But the splash, unlike the chick, is produced when transitioning from closed to open, correct?

In real life the sound is created when the cymbals are brought together, if they are quickly released the cymbals ring or create the splash sound. If they are held together just long enough to kill the ring then the chick sound. What the best way to simulate that it is I don't know.
 
no... they're suggestions adjusting the current code while I work on it's replacement. The important thing is to know you can control the zone selection for now.

Can you get it to produce reliable 0-4 zone readings in the serial monitor (or better yet the serial plotter!) by adjusting the boundaries in the zoneMap[] array?

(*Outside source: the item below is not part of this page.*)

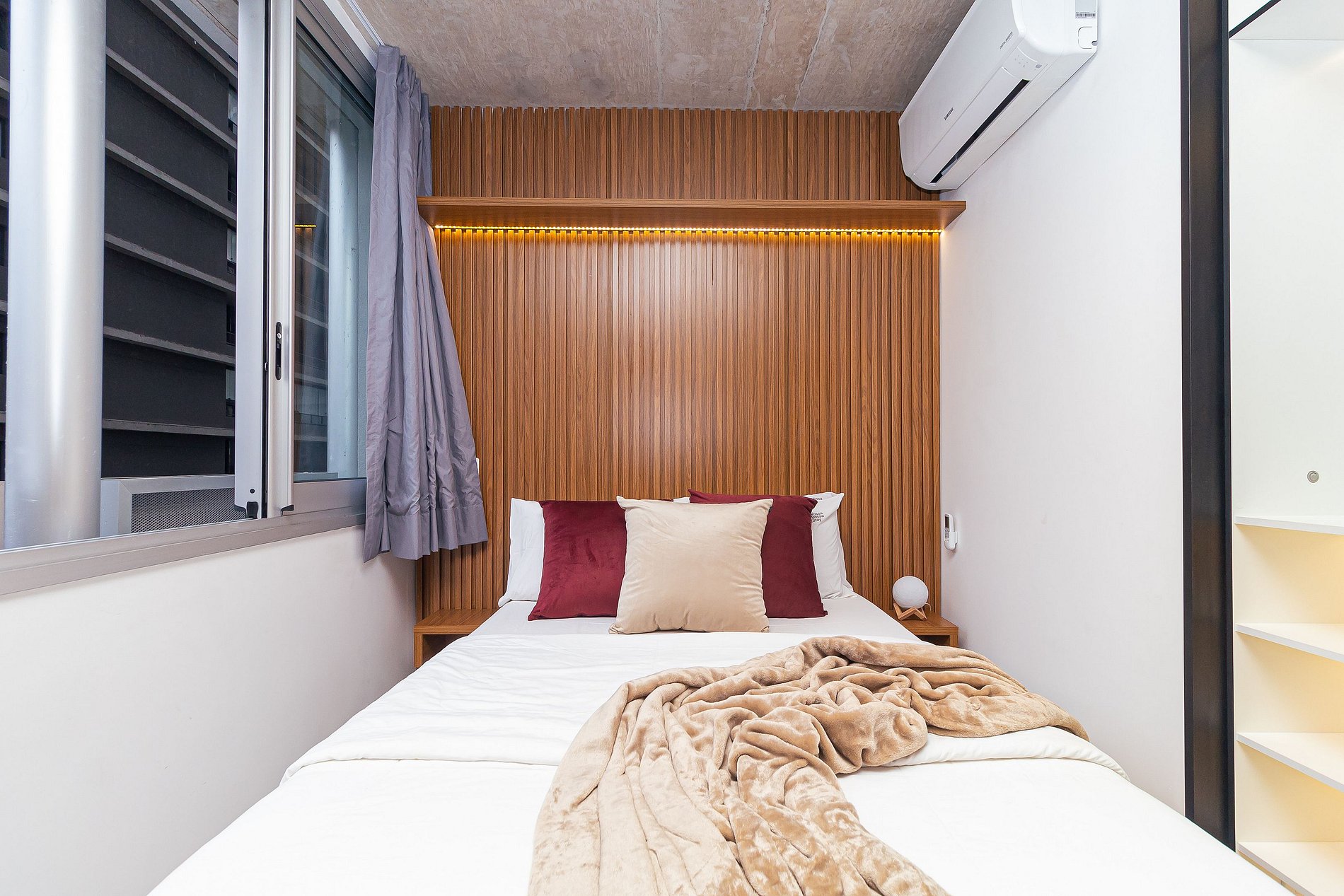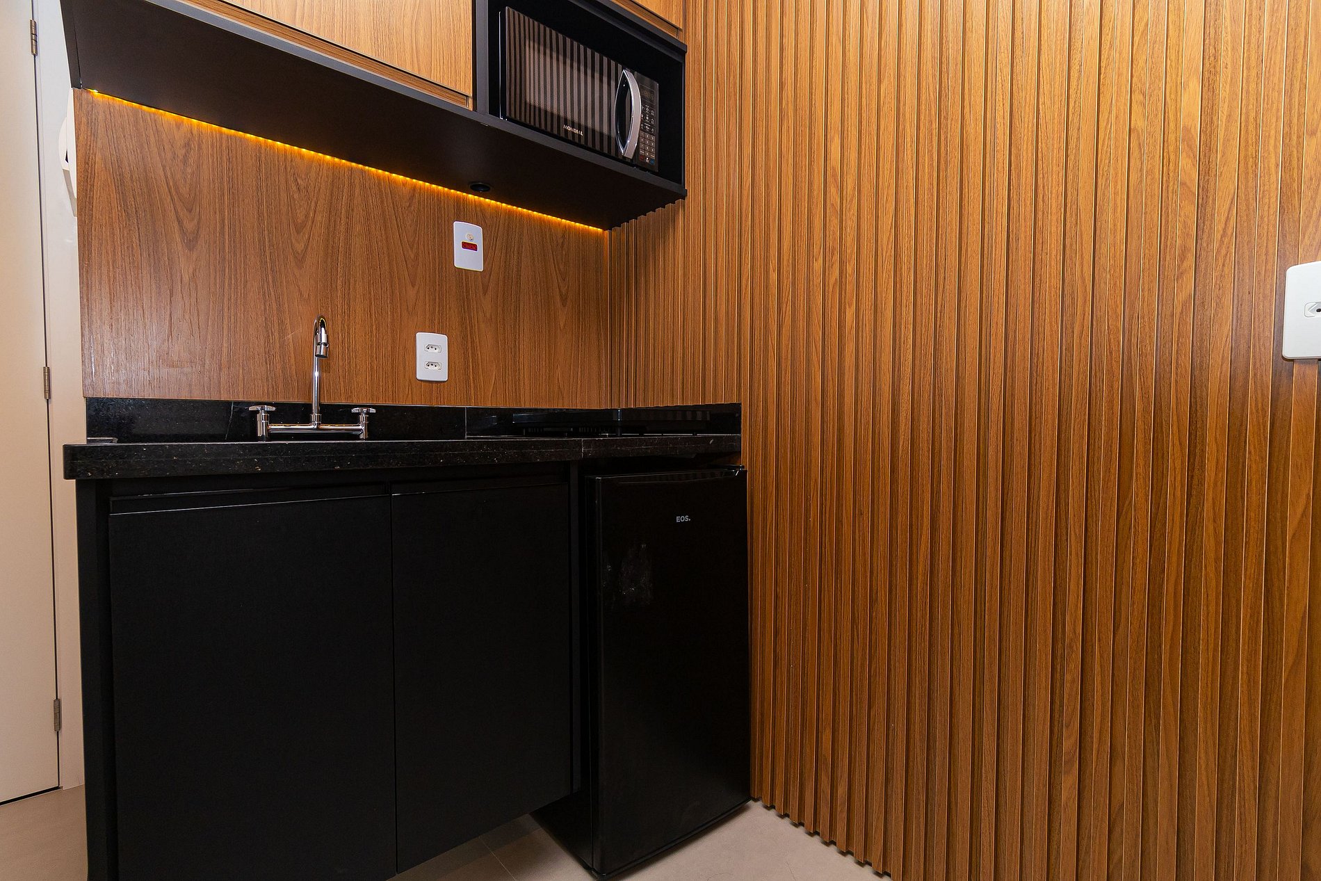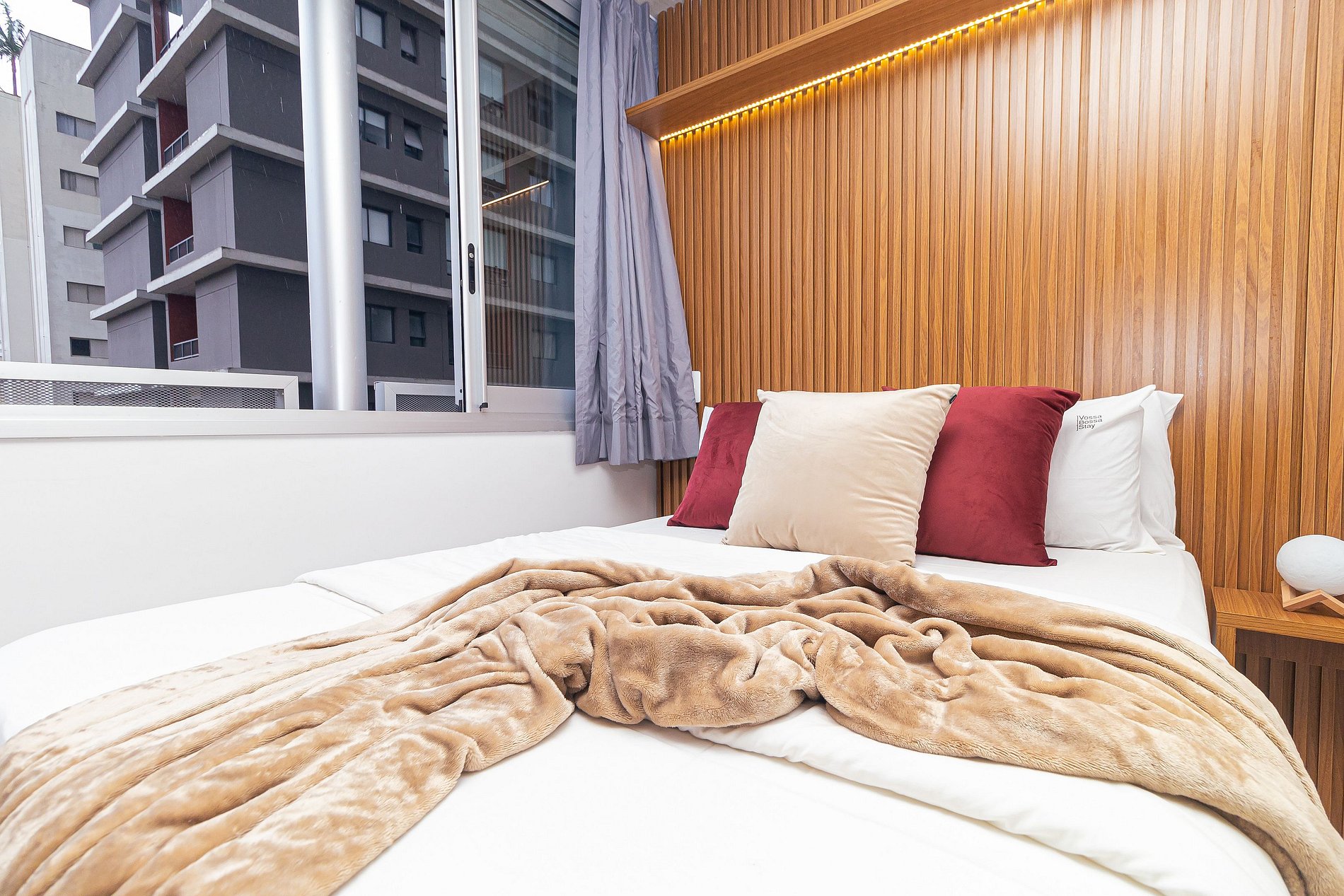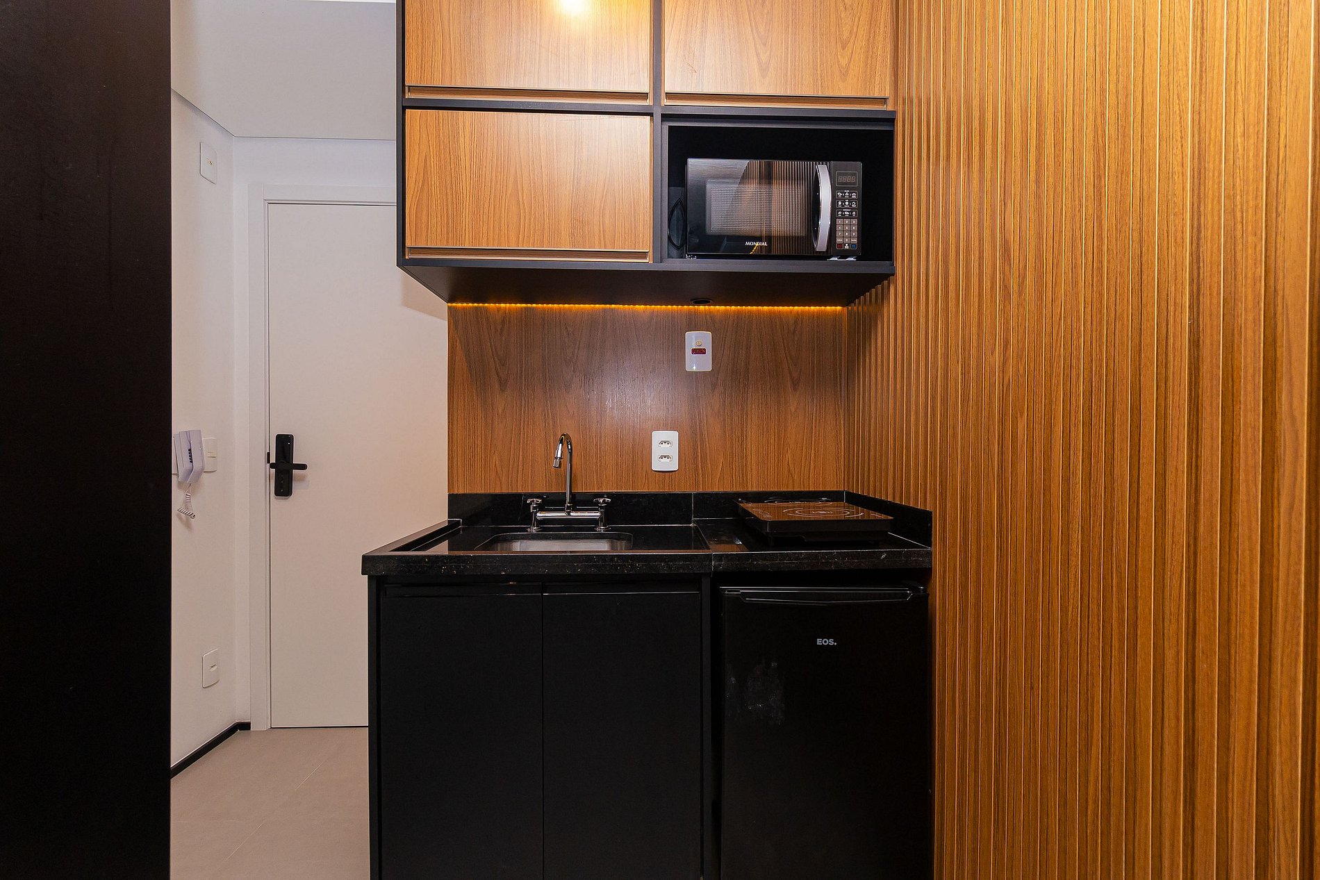 O espaço do estúdio foi totalmente otimizado e iluminado da melhor forma, possui um toque moderno e clean. Conta com televisão, wifi, fogão por indução, utensílios de cozinha, micro-ondas, ar-condicionado, cama e espelho de corpo inteiro que traz amplitude ao apartamento.

What is the 'no load' reading on your voltage divider and what are you using for 'closed' (the point where you'd expect the chick/splash to fire)?


Now that it's clear you fire the splash with the close/open combination I may yet get you to try your idea of letting the peak-detect have a go at identifying the note events for the HH pedal but I'd like to finish this approach first.*

I think I can still get this code to work with a minor adjustment so that it reads the intensity of the close (pressure change that currently is mapped as the velocity on the chick) and then picks the note to play on the next pass. Chick if it's still closed and splash if it's open.

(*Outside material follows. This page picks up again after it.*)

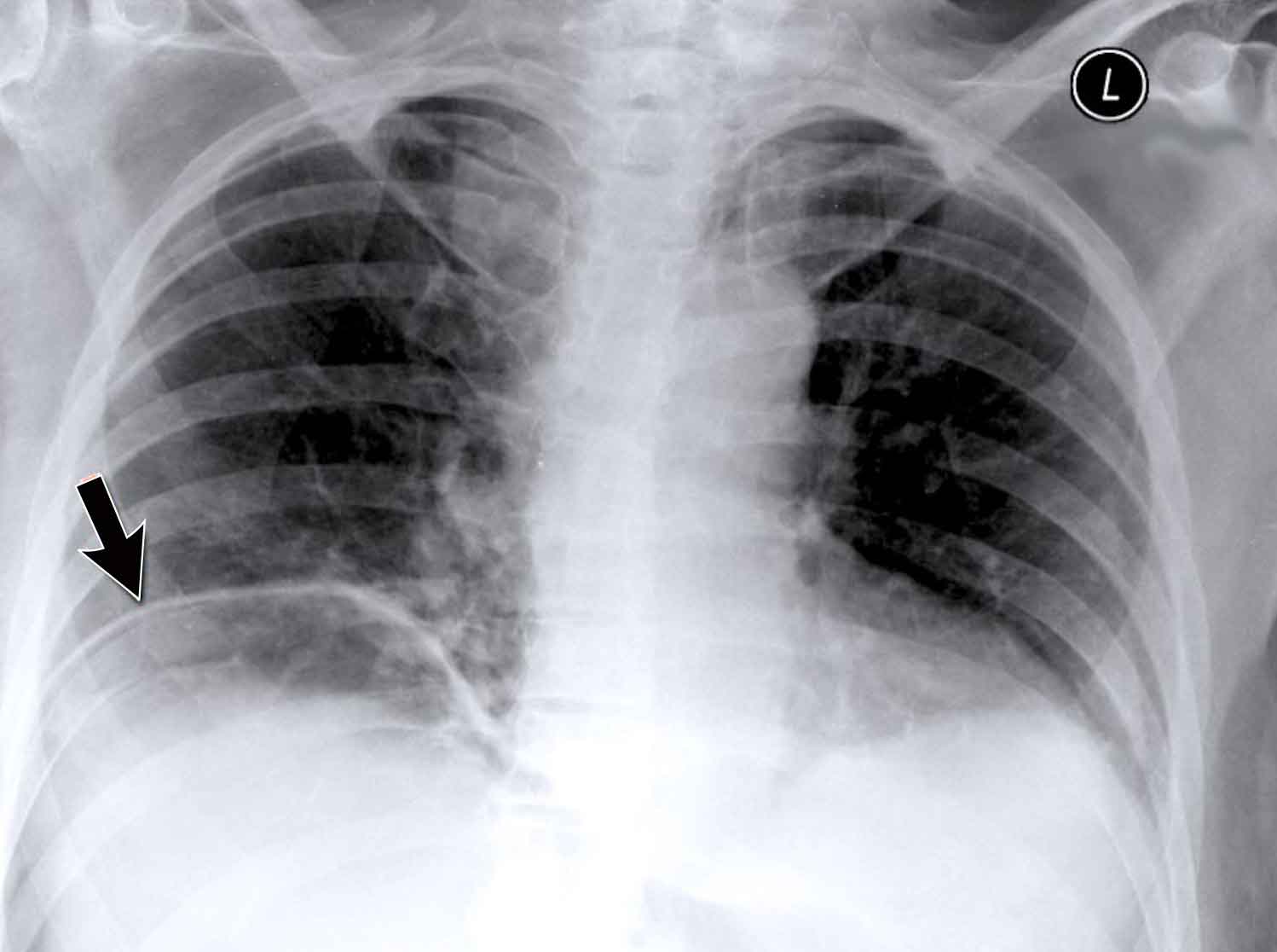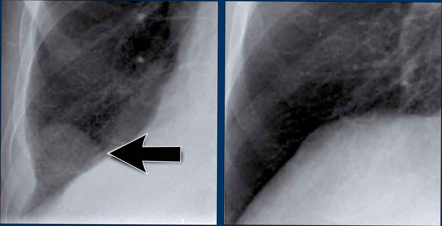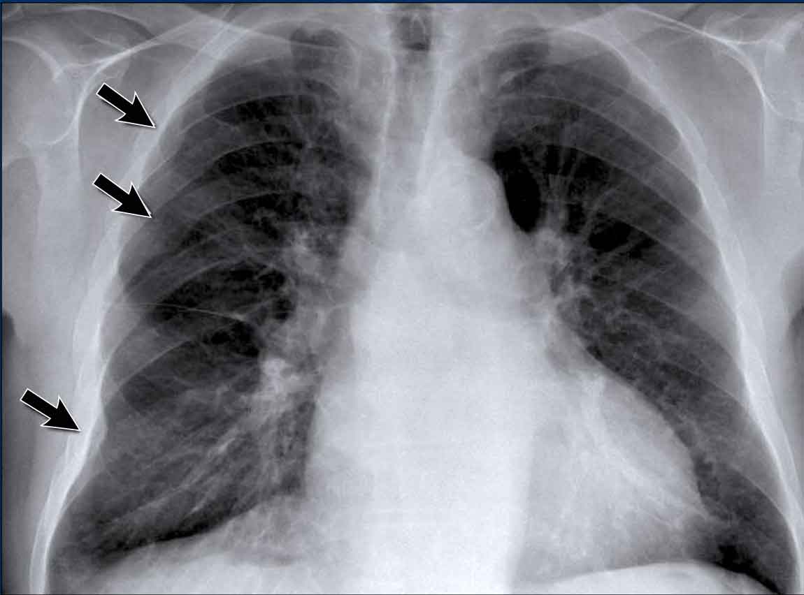 • A thin, well-defined diaphragmatic contour is visible (arrow), differentiating it from plate-like atelectasis, which may mimic this appearance in cases of suboptimal inspiration.
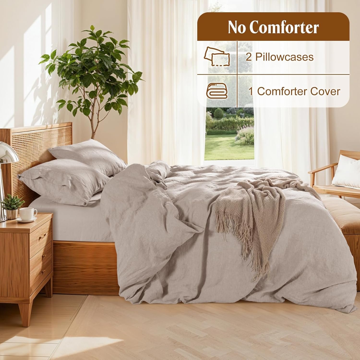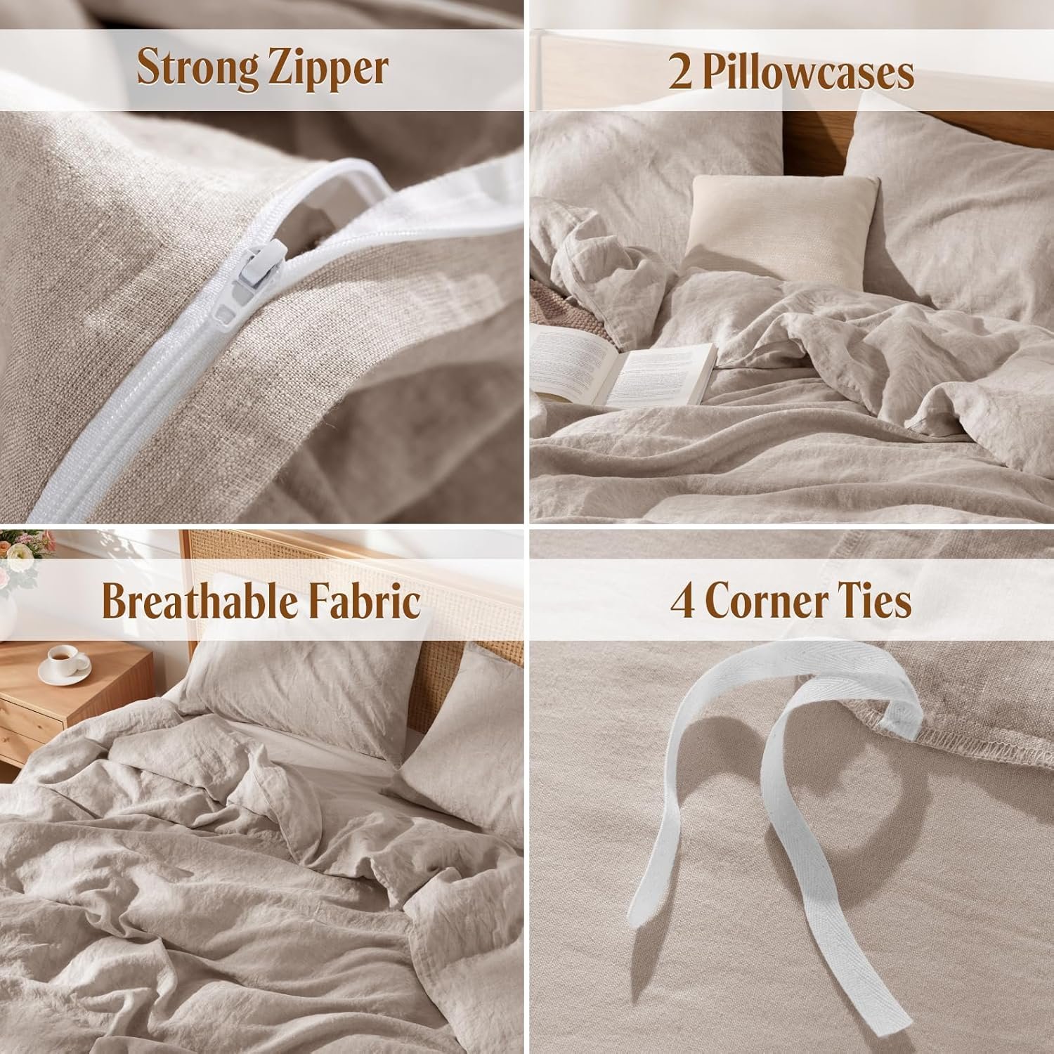 Soft and Breathable Fabric: Relax in luxury with our 100% flax linen duvet set. Ultra-soft and breathable, linen fabric offers a lightly textured, lived-in feel. Its durability, moisture-wicking properties, and easy care make it perfect for year-round comfort

Basically I'll use a global velocity value and set it to the signal change when the close is detected but withhold a note event for the next pass.

When the code reads the FSR on the next pass following detecting the close the current zone can be used to pick chick or splash.

The signal would use the velocity read on the previous pass as both a flag (to say a note event it due) and as the velocity of the note to-be-played.

(There would be a second velocity from how quickly the 'close' was re-opened that could also be used to pick the playback note or otherwise modify the note value produced; it could even set a note-off time that might alter the way your sample player plays the splash sound - so that both its attack and decay are affected by the way the note is generated.)

If you can answer the above you can leave the old code for now and wait for the next version (perhaps tonight?).


*This may be as simple as pointing one of the analogPin[] array at the FSR signal and modifying the note selected in the same way as the A0 signal. But it is also possible that the same timing parameters will not be able to work for both piezos and FSR as the signal they produce from a percussive force are likely very different in both duration and signal characteristics. But given it's possible it could work I may yet have a go at it AFTER I finish with the current approach.
 
OK, if you mean the sketch in #37 the monitor just shows 0s / 4s no 2s or 3s and I usually get double notes, occasionally I get a single note pl1.PNG
with regards to the splash I'm for doing whatever is easiest, the splash is the least often used and doesn't need to be recreated exactly like a mechanical hi hat. That is why I was happy with the method used in the sketch in#16, so if the splash note would fire at 3 and the chick at 4 maybe? The fact that we're just triggering 2 samples and not an impact note followed by one of 2 different sustain notes makes a less realistic approach more logical to me.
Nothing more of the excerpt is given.